Brunches Recipes - Baked Ricotta and Red Capsicum with Pesto Brunches Recipe

 
 

Brunches Recipes - Baked Ricotta and Red Capsicum with Pesto

Ingredients

  • 1 large red capsicum (pepper), cut into quarters and seeded

  • 750 g (1 lb 10 oz) low-fat ricotta cheese

  • 1 egg

  • 6 slices wholegrain bread

Pesto

  • 2 tablespoons pine nuts

  • 100 g (2 cups) basil

  • 2 garlic cloves

  • 2 tablespoons good-quality olive oil

  • 2 tablespoons finely grated fresh Parmesan cheese


Method:

  1. Preheat the oven to 180°C (350°F/ Gas 4). Lightly grease six Texas (large) muffin holes.

  2. Cook the capsicum, skin-side up. under a hot grill (broiler) for 5-6 minutes, or until the skin blackens and blisters. Place in a bowl and cover with plastic wrap until cool enough to handle. Peel off the skin and slice the flesh into 2 cm (3/4 inch) wide strips.

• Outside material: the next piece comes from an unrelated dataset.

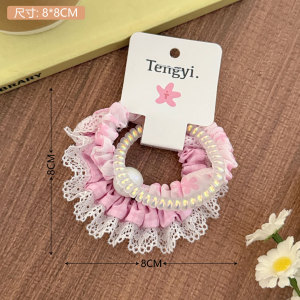 4 # 小さな新鮮なレースのヘアゴム - ピンク
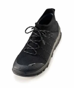 A Strap-Fit fűzőrendszer egyenletesen oszlatja el a nyomást, stabilan tartva a lábat. A fűzők széleskörű állíthatósága révén a cipő magasabb rüsztre is kényelmesen illeszkedik. A puha, rugalmas (zokniszerű) bokarész teljes mozgásszabadságot biztosít, míg a varrásmentes kialakítás megelőzi a kidörzsölődést. A klasszikus túrabakancsokkal ellentétben nem nyújt merev bokatartást, ami nagyobb mozgásszabadságot, természetesebb járásélményt és könnyedebb lépést biztosít hosszabb túrákon is.

  3. To make the pesto: place the pine nuts, basil and garlic in a food processor and process for 15 seconds, or until finely chopped. While the processor is running add the oil in a continuous thin stream, then season with salt and freshly ground black pepper. Stir in the Parmesan.

  4. Mix the ricotta and egg until well combined. Season with salt and freshly ground black pepper. Divide the capsicum strips among the muffin holes. top with 2 teaspoons pesto and spoon in the ricotta mixture.

  5. Bake for 35-40 minutes, or until the ricotta is firm and golden. Cool, then remove from the muffin holes. Toast the bread slices and cut them into fingers. Serve with the baked ricotta and a dollop of the remaining pesto on the side.